This project explores how, after a century of work based on the notion of childhood as sacred and outside of politics, the world’s pre-eminent child rights organisation wound up cooperating in the indefinite detention of children. It proposes that immigration detention facilities and other sites of racialised violence reveal the fragility of the universal norms of childhood associated with progress in the nineteenth and twentieth centuries.
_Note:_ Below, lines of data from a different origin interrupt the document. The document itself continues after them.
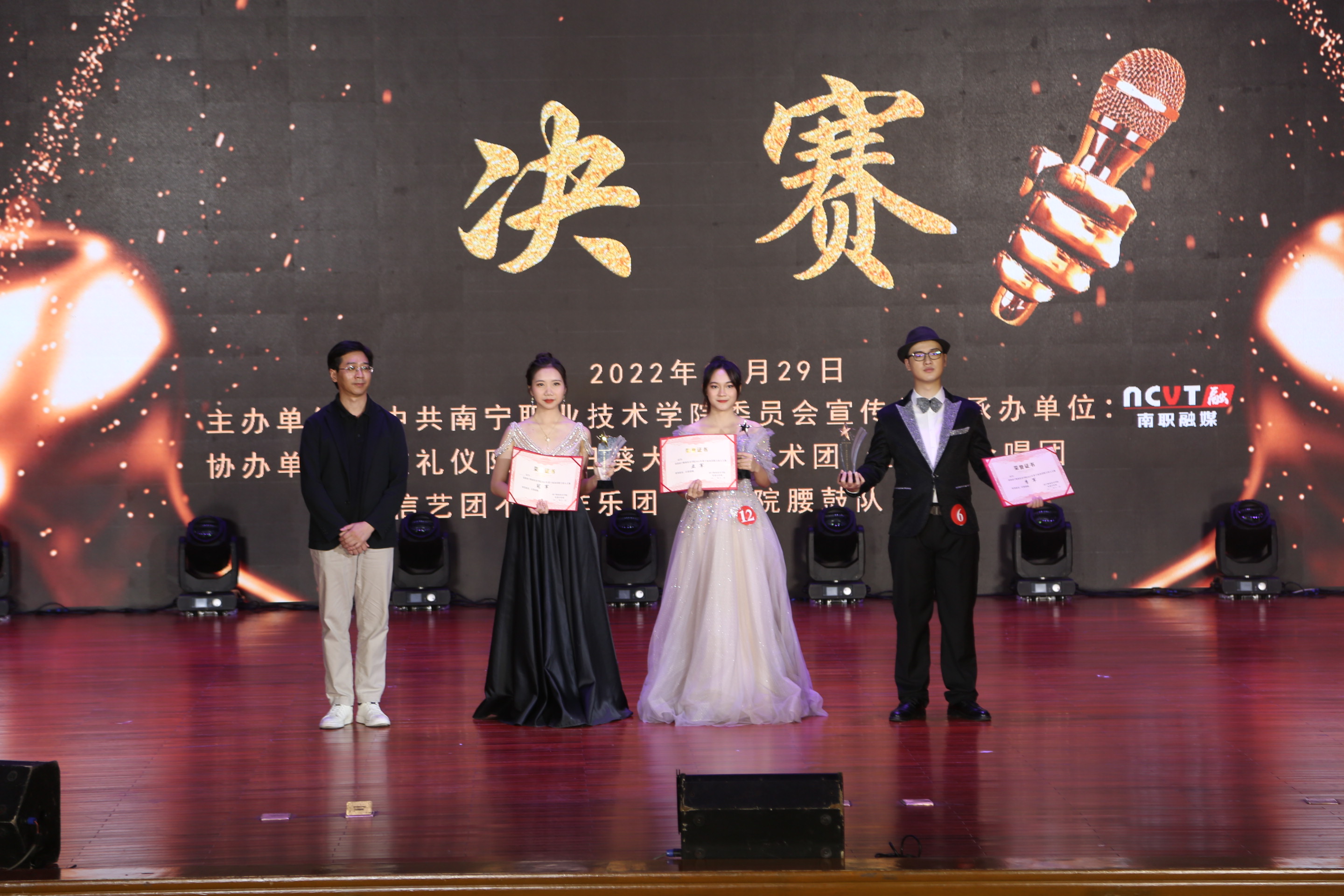 10月29日晚,“声动南职 筑梦青春”——南宁职业技术学院第十一届金话筒主持人大赛,在学校大礼堂成功举办。本次活动由中共南宁职业技术学院委员会宣传部主办,南宁职业技术学院融媒体中心承办。学校党委宣传部副部长陆军,学生工作处副处长孙洁晶,传媒学院专任教师覃斌作为评委出席本次大赛。
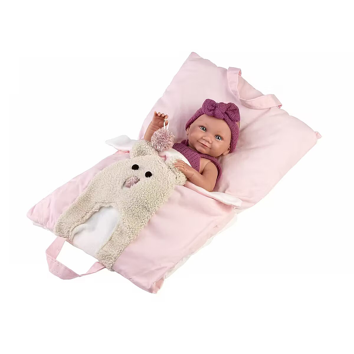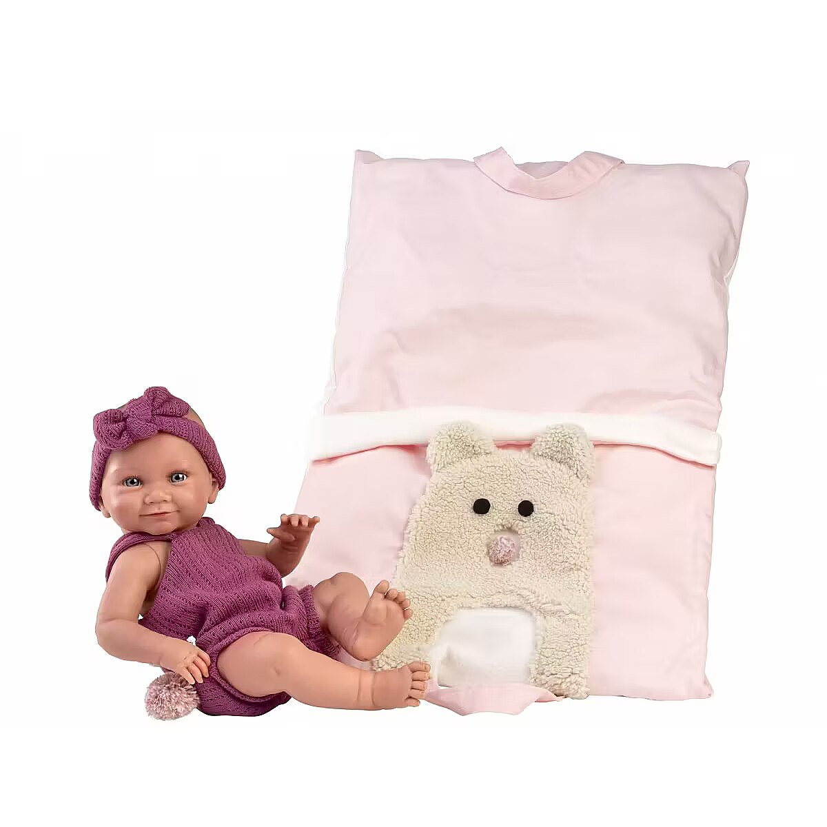 Description - Llorens 73812 Vinyl Baby Doll 40 cm - Nica in Pink Sleeping Bag/Baby Carrier The handmade production of Llorens dolls ensures they are crafted with meticulous attention to detail. Delicately highlighted features, shading, beautiful eyelashes, and eyes. Made from the highest quality materials. Each doll gains color and life in the hands of the maker. Their outfits are made from organic cotton, wool, and recycled materials. This makes it the perfect gift for your child, serving both educational and playful purposes. Hand made in Spain with love. Name: Nica Height: 40 cm Material: Vinyl Includes: Three-piece outfit, baby carrier Features: Can move arms, legs, and head
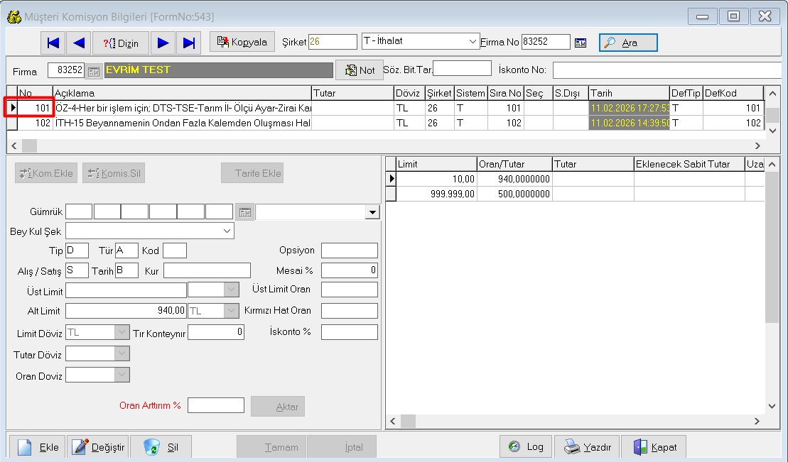 2024 Asgari ücret tarifesine eklenen İHR-9 ve İTH-15 komisyonlarının; müşteri komisyonları oluşturunca otomatik olarak 10 kalemden sonraki her kalem için bahsi geçen tutarın fatura komisyonuna eklenmesiyle ilgili çalışma tamamlanmıştır. ÖZ-5 ...
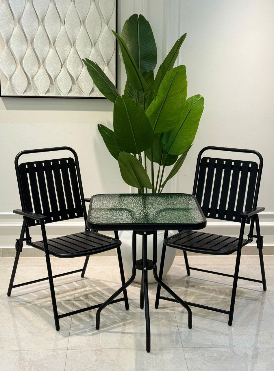 طقم قعدة حديد طاولة مع كرسيين
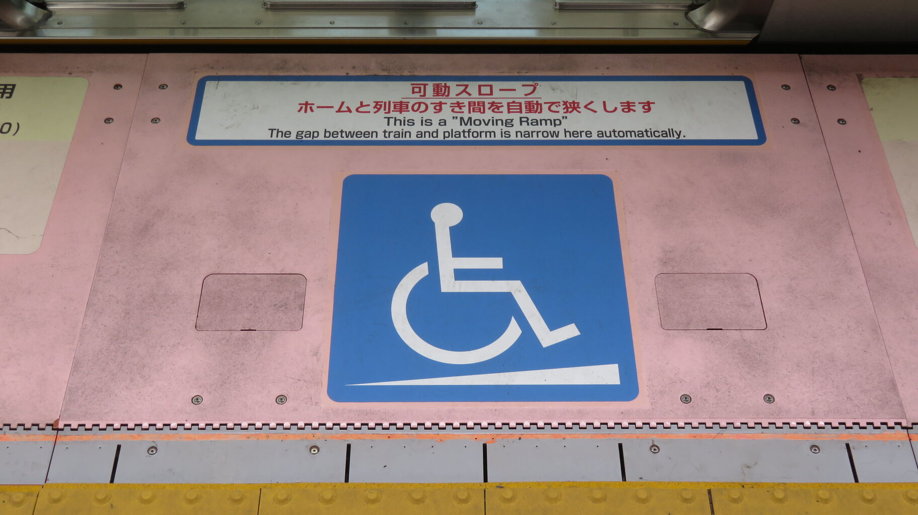 列車が到着すると、これが動いてホームと列車の段差・隙間を埋め、スロープ機能を果たします。
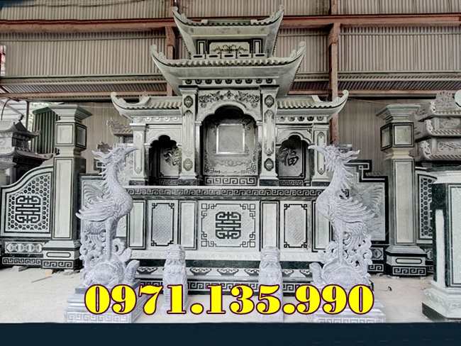 Mẫu lăng thờ chung – Am thờ – Củng Thờ – Kỳ Đài Thờ – Lầu Thờ bằng đá đẹp nhất hiện nay với mẫu đơn giản một mái, hai hay ba mái che. Mẫu lăng thờ đá thường được chọn kích thước dựa trên số đỏ cung hoàng đạo trên thước lỗ ban.

The project explores the role of Save the Children Australia in Australian-run detention centres in Papua New Guinea and Nauru from 2012-2015. Australia has been an influential pioneer in the global trend towards detention and criminalisation of asylum seekers and refugees. Save the Children’s offshore operations represent a particularly controversial example of non-governmental organisations working as service providers within this system. Yet this moment remains shadowy and poorly researched, obscured by reticence, censorship and judgement.
The project focuses on organisational decision-making and ethics, tracing the successive challenges that arose as Save the Children’s operations expanded and the organisation and its staff came into conflict with both their government employers and their own principles. As the incarceration of asylum-seeker children by democratic countries expands, this project shines a light on the compromises into which humanitarian organisations are drawn when they seek to offer care in such settings.
This research is supported by an independent scholar fellowship from the Independent Social Research Foundation, which is enabling the preparation of a book manuscript. I have published a chapter on this project:

“The conscience of the island? The NGO moment in Australian offshore detention,” Amidst the Debris: Humanitarianism and the End of Liberal Order (2021), ed. Juliano Fiori, Fernando Espada, Andrea Rigon, Bertrand Taithe, and Rafia Zakaria. Hurst & Company, pp. 83-106.